Skip to main content

Emit OpenLineage Events

Expanso Edge emits OpenLineage RunEvents natively at every pipeline lifecycle transition. Downstream catalogs and lineage tools (Marquez, OpenLineage-aware orchestrators, custom dashboards) see when each pipeline ran, against which datasets, and how it ended — emitted directly from the edge node where the data was processed.
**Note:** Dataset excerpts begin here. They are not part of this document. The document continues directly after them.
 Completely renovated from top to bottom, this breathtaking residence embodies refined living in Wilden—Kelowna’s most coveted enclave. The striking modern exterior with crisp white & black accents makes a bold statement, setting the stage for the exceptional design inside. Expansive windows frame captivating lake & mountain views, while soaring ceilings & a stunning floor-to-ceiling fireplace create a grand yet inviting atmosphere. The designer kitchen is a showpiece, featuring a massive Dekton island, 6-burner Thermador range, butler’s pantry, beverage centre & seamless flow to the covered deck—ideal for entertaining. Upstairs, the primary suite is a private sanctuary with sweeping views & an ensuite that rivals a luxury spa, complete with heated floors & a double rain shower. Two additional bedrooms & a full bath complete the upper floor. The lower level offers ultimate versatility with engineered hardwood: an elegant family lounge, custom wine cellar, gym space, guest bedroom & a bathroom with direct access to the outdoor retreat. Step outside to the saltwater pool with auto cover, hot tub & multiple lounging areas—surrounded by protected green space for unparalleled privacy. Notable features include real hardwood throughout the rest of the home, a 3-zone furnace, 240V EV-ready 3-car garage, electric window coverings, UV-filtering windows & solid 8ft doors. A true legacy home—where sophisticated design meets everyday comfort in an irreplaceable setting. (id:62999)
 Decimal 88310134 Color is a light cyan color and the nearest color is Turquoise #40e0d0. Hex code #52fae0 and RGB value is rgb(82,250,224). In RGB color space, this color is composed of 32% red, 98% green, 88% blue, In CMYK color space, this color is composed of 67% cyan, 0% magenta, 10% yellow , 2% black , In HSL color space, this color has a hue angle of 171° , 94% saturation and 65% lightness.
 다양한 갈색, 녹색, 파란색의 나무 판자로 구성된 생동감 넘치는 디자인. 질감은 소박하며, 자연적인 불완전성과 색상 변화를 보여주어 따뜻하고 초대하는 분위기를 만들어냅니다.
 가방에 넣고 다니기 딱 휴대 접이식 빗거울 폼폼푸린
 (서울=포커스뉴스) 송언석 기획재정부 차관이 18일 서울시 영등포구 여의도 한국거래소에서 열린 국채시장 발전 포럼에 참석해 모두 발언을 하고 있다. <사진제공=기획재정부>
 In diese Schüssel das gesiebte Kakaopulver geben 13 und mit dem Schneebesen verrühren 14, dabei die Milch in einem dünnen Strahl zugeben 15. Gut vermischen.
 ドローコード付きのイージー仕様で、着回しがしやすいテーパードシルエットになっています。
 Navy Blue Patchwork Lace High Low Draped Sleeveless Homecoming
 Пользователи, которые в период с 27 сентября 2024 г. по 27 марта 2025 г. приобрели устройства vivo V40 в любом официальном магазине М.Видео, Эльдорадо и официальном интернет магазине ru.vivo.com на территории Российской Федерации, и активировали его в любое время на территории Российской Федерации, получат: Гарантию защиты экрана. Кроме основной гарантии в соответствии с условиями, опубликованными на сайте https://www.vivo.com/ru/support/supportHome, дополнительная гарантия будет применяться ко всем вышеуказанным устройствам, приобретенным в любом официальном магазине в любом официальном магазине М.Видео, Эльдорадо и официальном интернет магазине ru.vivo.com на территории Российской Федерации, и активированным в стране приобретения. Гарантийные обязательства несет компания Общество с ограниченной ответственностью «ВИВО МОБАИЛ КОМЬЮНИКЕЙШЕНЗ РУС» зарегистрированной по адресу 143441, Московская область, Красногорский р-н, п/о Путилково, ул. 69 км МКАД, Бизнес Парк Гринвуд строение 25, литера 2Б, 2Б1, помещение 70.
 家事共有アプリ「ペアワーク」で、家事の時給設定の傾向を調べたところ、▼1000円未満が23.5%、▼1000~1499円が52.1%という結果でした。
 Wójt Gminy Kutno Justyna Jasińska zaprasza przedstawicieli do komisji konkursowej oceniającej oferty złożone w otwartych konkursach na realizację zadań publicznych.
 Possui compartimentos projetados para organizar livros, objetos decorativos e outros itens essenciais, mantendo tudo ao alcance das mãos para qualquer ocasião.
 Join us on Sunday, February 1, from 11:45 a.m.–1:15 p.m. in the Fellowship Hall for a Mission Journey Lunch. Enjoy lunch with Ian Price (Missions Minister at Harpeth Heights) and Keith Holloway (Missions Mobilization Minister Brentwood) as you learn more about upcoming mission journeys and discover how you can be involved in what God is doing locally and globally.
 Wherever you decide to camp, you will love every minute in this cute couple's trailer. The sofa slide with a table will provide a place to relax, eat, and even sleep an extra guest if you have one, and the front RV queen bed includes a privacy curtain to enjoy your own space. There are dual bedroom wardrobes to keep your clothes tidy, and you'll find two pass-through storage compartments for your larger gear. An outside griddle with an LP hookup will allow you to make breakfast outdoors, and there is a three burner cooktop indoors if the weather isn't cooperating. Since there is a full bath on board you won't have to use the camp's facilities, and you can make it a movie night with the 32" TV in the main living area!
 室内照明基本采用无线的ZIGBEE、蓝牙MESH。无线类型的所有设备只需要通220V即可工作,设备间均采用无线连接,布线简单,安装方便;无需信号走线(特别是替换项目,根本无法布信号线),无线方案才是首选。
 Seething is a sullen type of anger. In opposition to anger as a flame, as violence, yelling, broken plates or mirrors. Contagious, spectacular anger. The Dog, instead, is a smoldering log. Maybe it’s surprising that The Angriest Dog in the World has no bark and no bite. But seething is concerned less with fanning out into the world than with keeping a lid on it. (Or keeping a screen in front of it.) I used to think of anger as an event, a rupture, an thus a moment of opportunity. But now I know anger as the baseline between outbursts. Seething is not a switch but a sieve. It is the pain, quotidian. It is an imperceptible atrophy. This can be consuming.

Every event is signed with the edge node's Ed25519 identity so downstream consumers can verify both origin and integrity. See Verify Lineage Events for the verification recipe.

When events fire

The edge emits one RunEvent per lifecycle transition. The four event types map to OpenLineage's eventType field:

EventWhen
STARTPipeline reaches the running state.
COMPLETEThe pipeline stream exits cleanly.
FAILThe pipeline stream exits with an error. The event includes an errorMessage facet with the error and stack trace.
ABORTThe pipeline is stopped externally (via expanso job stop) after reaching the running state. Distinct from COMPLETE so consumers can tell natural completions from operator intervention.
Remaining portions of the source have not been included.